En la última temporada de verano fueron varios los focos de mortandad por estrés calórico registrados en el país. Aunque particularmente en provincias de la región Pampeana, donde se dieron temperaturas extremas, a los que esos rodeos no están acostumbrados.
En el NEA y NOA, con el trabajo de selección y la adaptación natural que fue experimentando la hacienda en los últimos años, no hay tanta mortandad por calor, siempre que el verano esté acompañado por lluvias benévolas. Sin embargo, siempre es bueno tomar algunos recaudos, que pueden ser comunes para el productor ganadero, pero no se deben olvidar para evitar dolores de cabeza en los potreros.

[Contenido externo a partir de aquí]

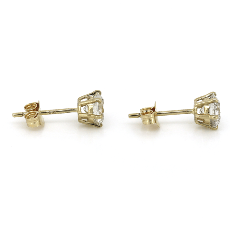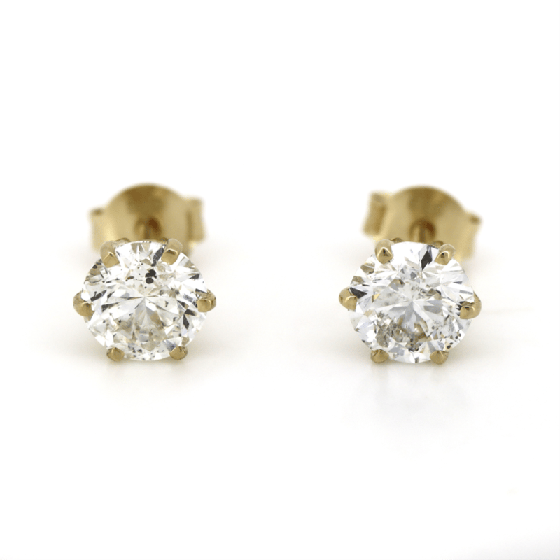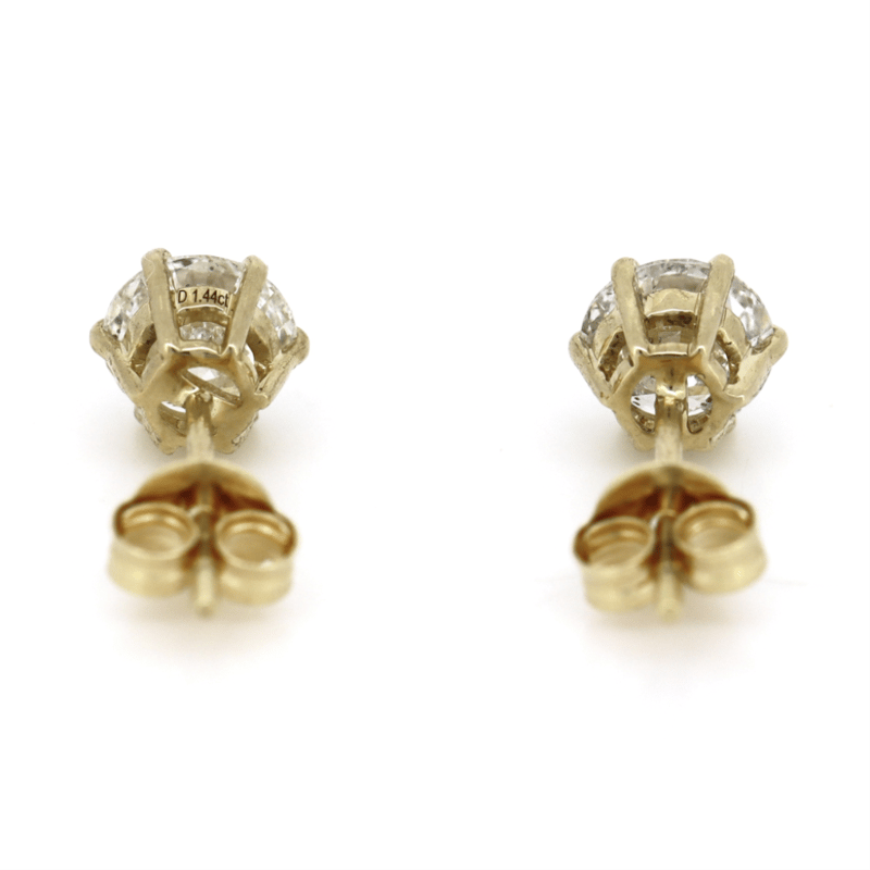 The Earrings Feature, 2 Round Brilliant Cut, Diamonds (1.44Ct Tdw, H-J Colour, Si2-I1 Clarity), 4 Claw Set. The Earrings Have Post Backs, With 14K Yellow Gold Butterfly Clasps.

Natalia Aguilar, técnica de la EEA Inta Colonia Benítez (Chaco) y docente de la Cátedra de Bienestar Animal de la Facultad de Ciencias Veterinarias de la Unne, comentó que las recomendaciones de manejo en el campo, para evitar el estrés calórico, pasa por dos factores fundamentales: agua y sombra disponible para el ganado.
“En general damos recomendaciones o tips para tener en cuenta al momento que están llegando las olas de calor, que son cuando pasan tres o más días con temperaturas muy altas; ahí es cuando el animal sale de su zona de confort”, explicó la técnica del Inta en contacto con Aires de Campo (Radio LT7).
En este sentido, Aguilar sostuvo que una de las recomendaciones principales pasa por la disponibilidad de agua para el animal. “Que tenga agua fresca disponible, que el productor o el personal hagan una recorrida por los potreros, para ver que el caudal de agua esté funcionando, que haya disponibilidad, sabiendo que los animales consumen más agua en esta época del año”, explicó Aguilar.
Otro factor importante para evitar el estrés por calor en la hacienda es la disponibilidad de sombra, natural o artificial, donde en horas pico de calor el animal tenga donde resguardarse. No obstante, no se trata de cualquier sombra, ya que la recomendación es tener espacios de sombra abierta. “En los montes cerrados el animal la pasa peor que al sol, por eso recomendamos a los productores hacer montes en galería o filas de árboles, porque tiene que ser una sombra donde corra algo de viento”, explicó Natalia Aguilar.
En este sentido, la profesional del Inta y la Unne comentó que los bovinos no tienen glándulas sudoríparas para eliminar el calor por transpiración, por eso sufren mucho las altas temperaturas en montes o bosques muy cerrados. “Al animal le guata le sombra abierta, si se puede que se arme una especie de galería. Si es un monte muy cerrado, no va a usarla. No es agradable. No corre aire y se crea un microclima peor que el del calor”, explicó.
Respecto a las categorías que sufren en mayor medida el calor, Aguilar explicó que en general los terneros chicos son los más susceptibles a las altas temperaturas. No obstante, la profesional recomendó prestar especial interés a los animales que se encuentran en feedlots o sistemas de confinamiento. “Hay que tener cuidado con esos animales porque a veces se le suministra ración con granos, y las dietas de mucho grano producen más calor en los animales. Más allá de la categoría, en los encierres o confinamientos es donde más tenemos que controlar”, señaló.

Adaptación natural
Por el trabajo de selección que vienen realizando muchos productores, los rodeos de Corrientes y el NEA se encuentra, en su gran mayoría, bien adaptados a las temperaturas que se dan en los veranos del Norte. Los cruzamientos y la presencia de sangre cebuina en los rodeos, ayuda a esta adaptación natural que presenta la hacienda al calor, aunque recomiendan no quedarse en eso e intensificar el manejo con agua y sombra durante los días extremos.

Mejor rendimiento
Según explicó Natalia Aguilar, todas las buenas prácticas de manejo ganadero y evitar el estrés de los bovinos, se traduce en mejores rendimientos, tanto en el campo como en el gancho.
“Para darles un ejemplo, los animales que fueron bien manejados durante su proceso de producción primaria, llegan al frigorífico con menos kilos de carne a descartar por golpes (hematomas). Y también se nota en la calidad de la carne, es una carne más tierna y que se puede conservar más tiempo”, comentó la técnica del Inta.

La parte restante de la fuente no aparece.